Biogas from spaghetti?
Membranes from Evonik upgrade biogas, generated from renewable raw materials, simply and efficiently
reen is in, with bicycles preferred to cars, organic produce to fast food, and energy class A+++ to A: In our modern society, decisions are increasingly being influenced by ecological considerations. Industry and business are also reacting to the trend towards sustainability and offering more and more "eco" products. And green energy is following the same track. According to the Renewables Global Status Report (GSR) 2011, renewable energies today account for about 16 percent of global energy consumption; by the year 2050, this figure could rise to more than 50 percent, as predicted in a scenario of the World Climate Council in its Special Report on Renewable Energy Sources and Climate Change Mitigation (SRREN).
With the major energy producers focusing mainly on wind, water and sun, biogas as an alternative energy source appears to have been somewhat overshadowed-quite unjustifiably, because it is a highly efficient energy source and an important component of decentralized supply structures.
Efficient biogas upgrading
Biogas is produced by fermentation of biomass, an organic substance consisting of, for example, plants, liquid manure, or effluent sludge. But in addition to the methane energy source, raw biogas also contains carbon dioxide (CO2)and other trace gases. Because CO2 is not combustible, it lowers the calorific value of the gas and must therefore be separated out.
The common separation methods such as pressurized water scrubbing, pressure swing adsorption, and amine scrubbing have considerable disadvantages: They need comparatively large amounts of energy as well as auxiliary materials and chemicals. Wastes and wastewater are generated that must be treated and disposed of. Further, the biogas after upgrading is usually at low pressure. Before it is fed into a medium-pressure grid, it needs to be compressed to 15-20 bar by, for example, an additional compressor. Conventional upgrading plants are therefore usually cost effective only for raw biogas quantities significantly in excess of 500 standard cubic meters per hour (Nm³/h). This usually makes them unsuitable for decentralized energy supply with a large number of relatively small plants.
Evonik Industries has developed a technology for cost- and energy-efficient separation of CO2. What appears at first sight to be a bunch of spaghetti strands or a paint brush, is in fact a bundle of highly selective membranes made up of multiple cylindrical polyimide hollow fibres. These are used in the new hollow fibre membrane modules of SEPURAN Green.
Highly selective membranes
Polyimides are high performance polymers with high pressure and temperature resistance. "For SEPURAN we rely on a specially optimized form of Evonik's proven and tested polyimide family. The membranes have consistently high selectivity and are particularly suitable for separation of CO2 and methane," says Dr. Goetz Baumgarten of the Fibres and Membranes growth line of Evonik's High Performance Polymers Business Line.

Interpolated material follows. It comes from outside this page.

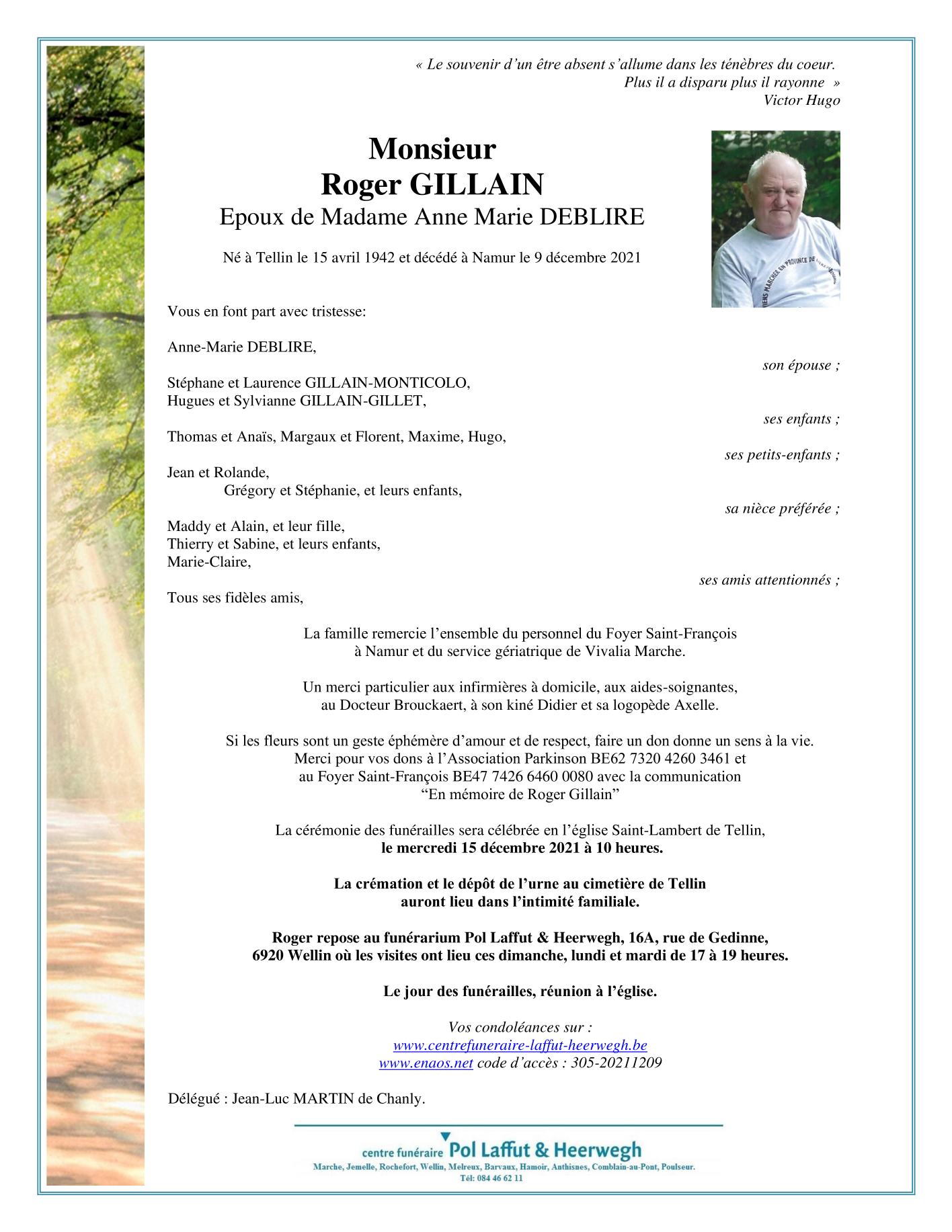 Décédé à Namur (5000) le jeudi 9 décembre 2021 à l'âge de 79 ans

How does the membrane work? Gas molecules are of different sizes and have different solubilities in polymers. The biogas to be cleaned is introduced under high pressure at one end of the membrane. "The CO2 molecules are smaller than the methane molecules and also more soluble in polymers. As a result, they pass through the micropores of the membrane much faster and are separated from the methane," explains Baumgarten. CO2, water vapor, and traces of ammonia and hydrogen sulfide are drawn off at the low-pressure side (from the lateral opening in Figure 2), while the methane collects at the other end of the membrane, the high-pressure side. The methane-rich gas is directly drawn off at the high-pressure side and needs no further compression for feeding into the grid. This saves the costs of an additional compressor. Further, the biomethane produced in this way can be used even by small plants and therefore allows decentralized supply of energy.

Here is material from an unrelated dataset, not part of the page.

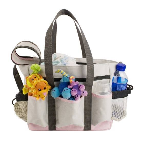 This is a useful baby diaper bag designed with compartments for holding different items in place. Three exterior open pockets are perfect for wipes, bibs, toys and more. The large inner compartment with zip closure is for diapers. The elasticized pockets on the side are easy to reach and suitable for baby feeding bottles.

In a test plant in Neukirchen an der Vöckla (Austria), Evonik's experts have been putting the production modules through their paces since early 2011. "Our experience so far is that the new SEPURAN Green membrane modules are a robust and simple tool for gas purification. The methane of the raw gas can be cleaned to a purity higher than 99 percent. In use, the modules are distinguished by higher plant availability, reduced energy requirements, and lower maintenance costs than in alternative processes," says Baumgarten. These are compelling arguments in view of the globally increasing interest in green energy.